If a coin is tossed a sequence of times, what is the probability that the first head will occur after the fifth toss, given that it has not occurred in the first two tosses?
(Assuming that this is a fair coin as it would be stated
otherwise.)
Since its given that it has not occurred in the first two tosses, we can
assume those two are tails and focus on the next four tosses.
We can then focus on the last four tosses because we need to find the
probability that the first head is after the fifth toss so it will have
to be if the first head is on the sixth toss: TTTH.
The probability of tails on the 3rd toss is \(\frac{1}{2}\)

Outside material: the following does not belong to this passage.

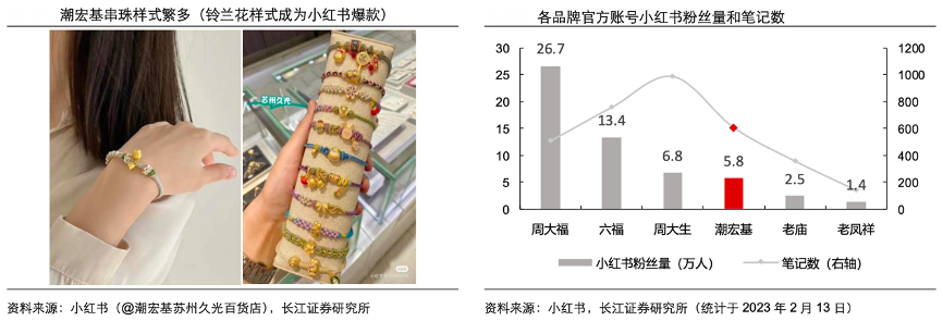 經典案例:根據小紅書、小紅書(@潮宏基蘇州久光百貨店)、長江證券研究所等綜合資訊表明,潮宏基從年輕時尚的差異化品牌定位和設計精湛、推新速度快的優勢能力出發,推出樣式繁多的輕巧串珠,相較于其他品牌多數產品在設計風格和克重上偏厚重的款式,更容易贏得年輕消費者的青睞,通過小紅書等 社交平臺上的種草傳播,串珠系列迅速成為網紅產品,形成了初具規模的粉絲基礎。

The probability of tails on the 4th toss is \(\frac{1}{2}\)
The probability of tails on the 5th toss is \(\frac{1}{2}\)
The probability of heads on the 6th toss is \(\frac{1}{2}\)
So, we just combine these probabilities together to get: (\(\frac{1}{2}\))(\(\frac{1}{2}\))(\(\frac{1}{2}\))(\(\frac{1}{2}\)) = \(\frac{1}{16}\)
OR
Since its only four tosses to worry about, we can find all the
possible outcomes:
HHHH
THHH
TTHH
HTHH
TTTH
HHTH
HTTH
THTH
TTTT
HHHT
THHT
TTHT
THTT
HTHT
HHTT
HTTT
This gives us 16 outcomes but only one of them, TTTH, will be a success.